When Gov. Larry Hogan vetoed the General Assembly's paid sick leave bill last May, he announced the creation of a task force to "better understand access to paid leave policies."
Here's the issue: what the governor is suggesting has already been done. As chairman of the Senate Finance Committee, I worked diligently and continuously with all stakeholders, including advocates, businesses and my colleagues on both sides of the political aisle to craft the Healthy Working Families Act (HB1). For two years, I personally reached out to Governor Hogan to join these conversations – and the governor and members of his administration never accepted the offer to meet with us.
Since then, Governor Hogan’s so-called task force has gone nowhere fast. The Department of Labor’s “Committee on Paid Leave Policy” is shrouded in secrecy – and none of my colleagues in the House and Senate have been notified of any meetings or progress on this issue. Governor Hogan’s decision to veto HB1 disappointed and shattered the dreams of tens of thousands of working families – and his so-called Committee on Paid Leave Policy is meant to distract us from his veto of the common sense bill we have right in front of us.
The fact is, we do not need yet another task force to tell us what we already know: that when it comes to supporting their families and taking care of their health, Marylanders are getting the short end of the stick.
We already know that 750,000 hardworking Marylanders do not have the ability to take time off when they are sick. We heard from families across the state facing impossible choices, like whether to send a sick child to school or daycare or risk losing wages, or worse, their jobs. We know that without earned paid sick days, families are more likely to go to work sick and delay needed medical care, leading to prolonged illnesses and costly emergency room visits.
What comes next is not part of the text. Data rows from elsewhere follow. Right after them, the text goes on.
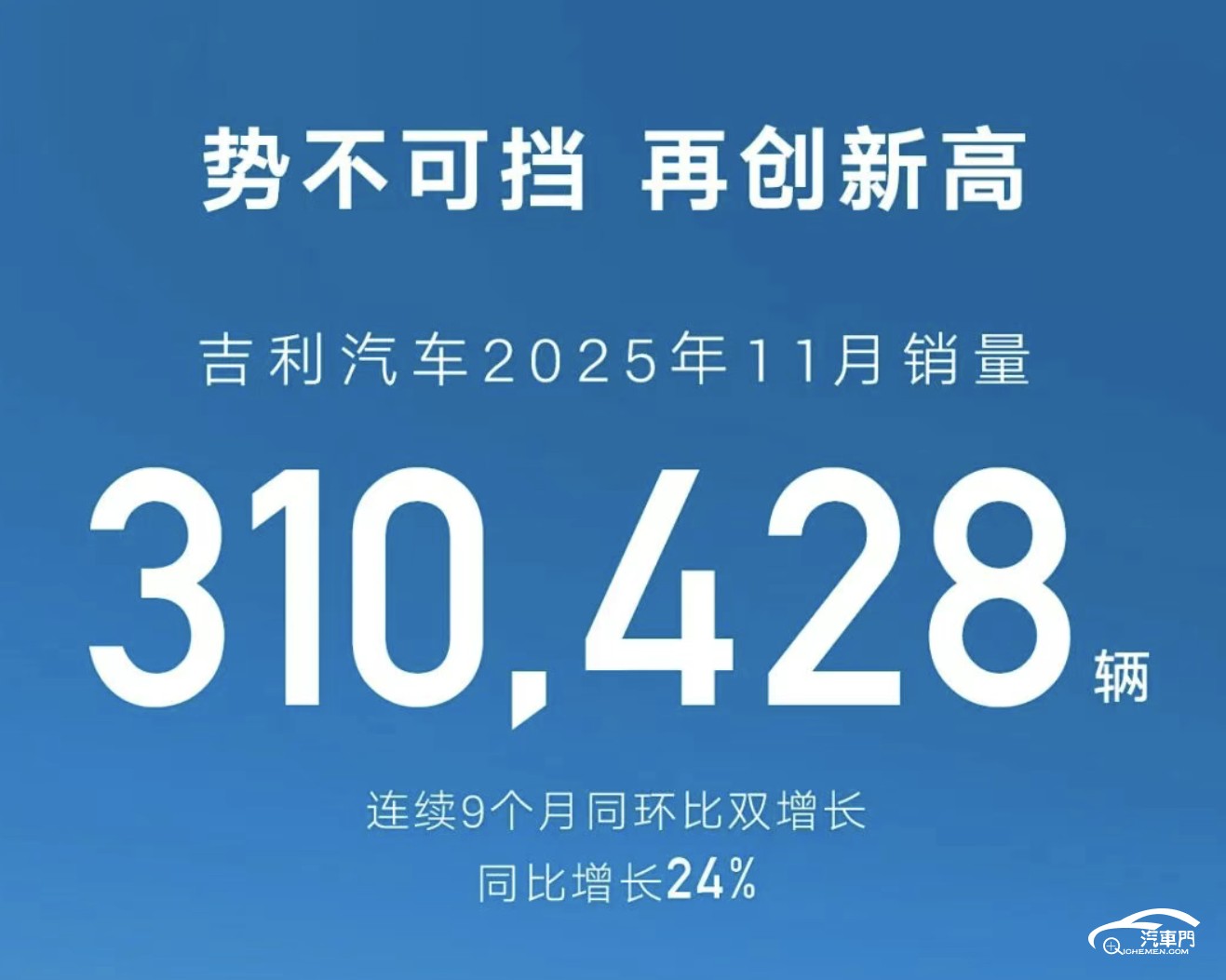 与比亚迪相比,吉利则交出了一份含金量十足的成绩单。数据显示:11月吉利共卖出了310428辆,同比增长了24%,创下历史新高。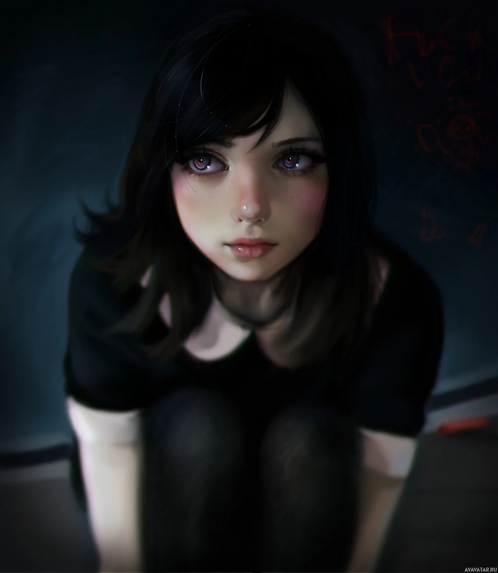 a black top with what appears to be a ruffled collar, and her posture is slightly hunched over as she sits on the floor with one hand resting near her knee. Her expression is neutral, and there's
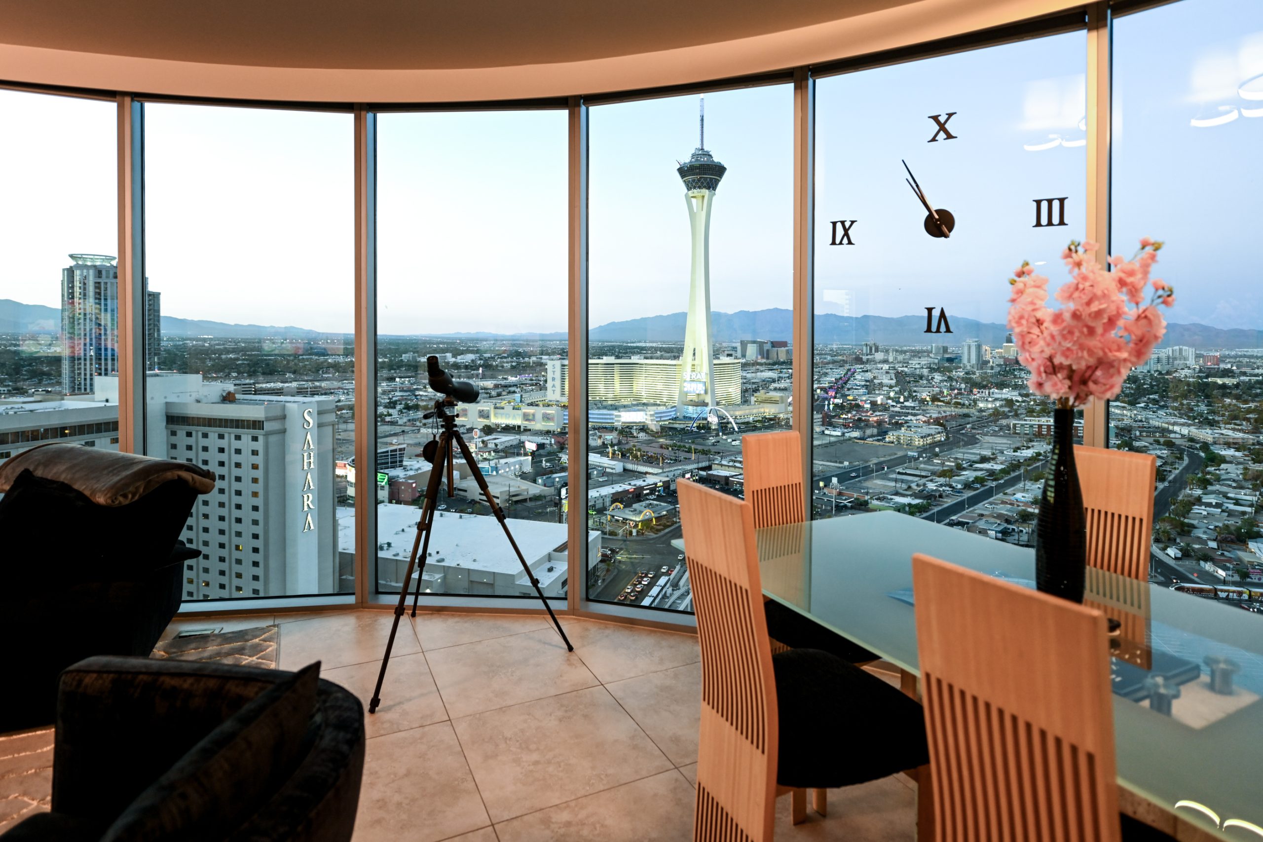 Discover luxury living in this stunning 2-bedroom, 2-bath, 1-Den high-rise condo on the 30th floor in the heart of Las Vegas, offering breathtaking views of the Strip and surrounding mountains. The spacious kitchen features elegant black natural stone countertops and a stylish backsplash, perfect for enjoying the scenery.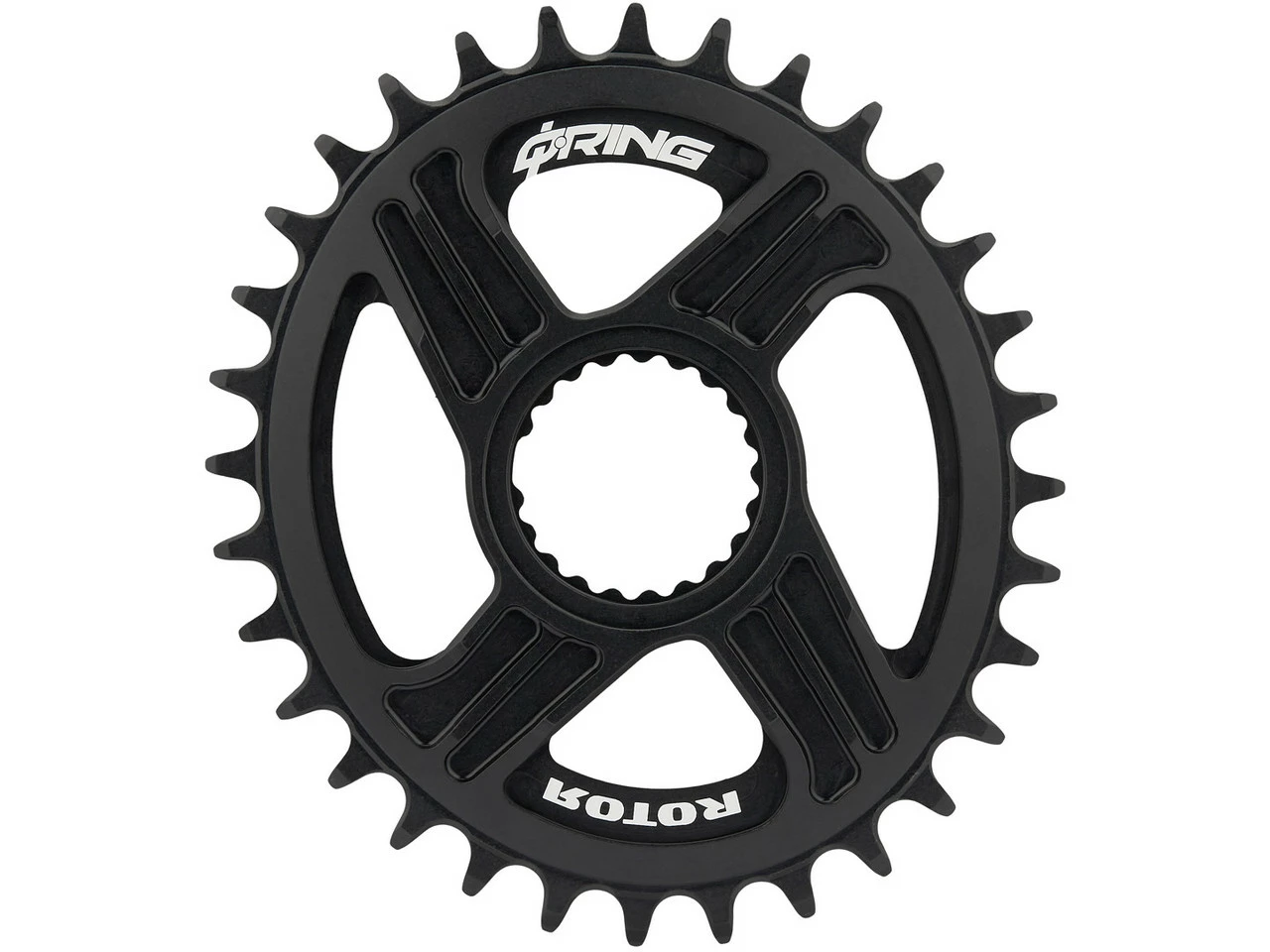Das ovale Q-Ring Kettenblatt von Rotor ist mit Shimano 1×12-fach MTB-Kurbeln und Hyperglide+-Ketten kompatibel. Die Direct-Mount-Montage spart gegenüber einer Spider-Montage Gewicht ein.

For seniors, one sick caregiver can jeopardize the health of their entire nursing home or leave their adult children without the workplace flexibility to care for their aging parents when they need them.
And we know that without earned sick days, we were putting the health and economic well-being of our communities at risk – because when one worker is forced to come to work with the flu, we are putting workers as well as employees and customers in harm's way, especially seniors, children and people with chronic health problems. Earned sick days are also crucial to reducing staff turnover – studies show that earned sick days would lead to $132 million in savings for Maryland businesses.
The Working Families Act passed with veto-proof majorities because it's the right thing to do for Maryland families. At its heart, this bill is about family and fairness. It's about ensuring that we have fair workplace policies that provide everyone an opportunity to get ahead. It's no wonder earned sick leave is such a popular idea around our state – in fact, a 2015 University of Maryland-Washington Post poll found that more than eight in 10 voters believe hard work should be respected and people should be able to earn paid sick days based on the number of hours they work.
After five long years of debate and working across the aisle to create a true common sense law, the Healthy Working Families Act is just within our reach. By overriding his veto, Maryland legislators have the opportunity to give hardworking Marylanders the peace of mind that comes with knowing that one bout of flu or a sick child won't cost them their job or that month's rent. It is time to enact a meaningful piece of legislation and safeguard the health and economic future of millions of families, seniors and hardworking Marylanders across the state.
As elected officials, Governor Hogan and I already have access to earned paid sick days. Don't all Marylanders deserve that same opportunity?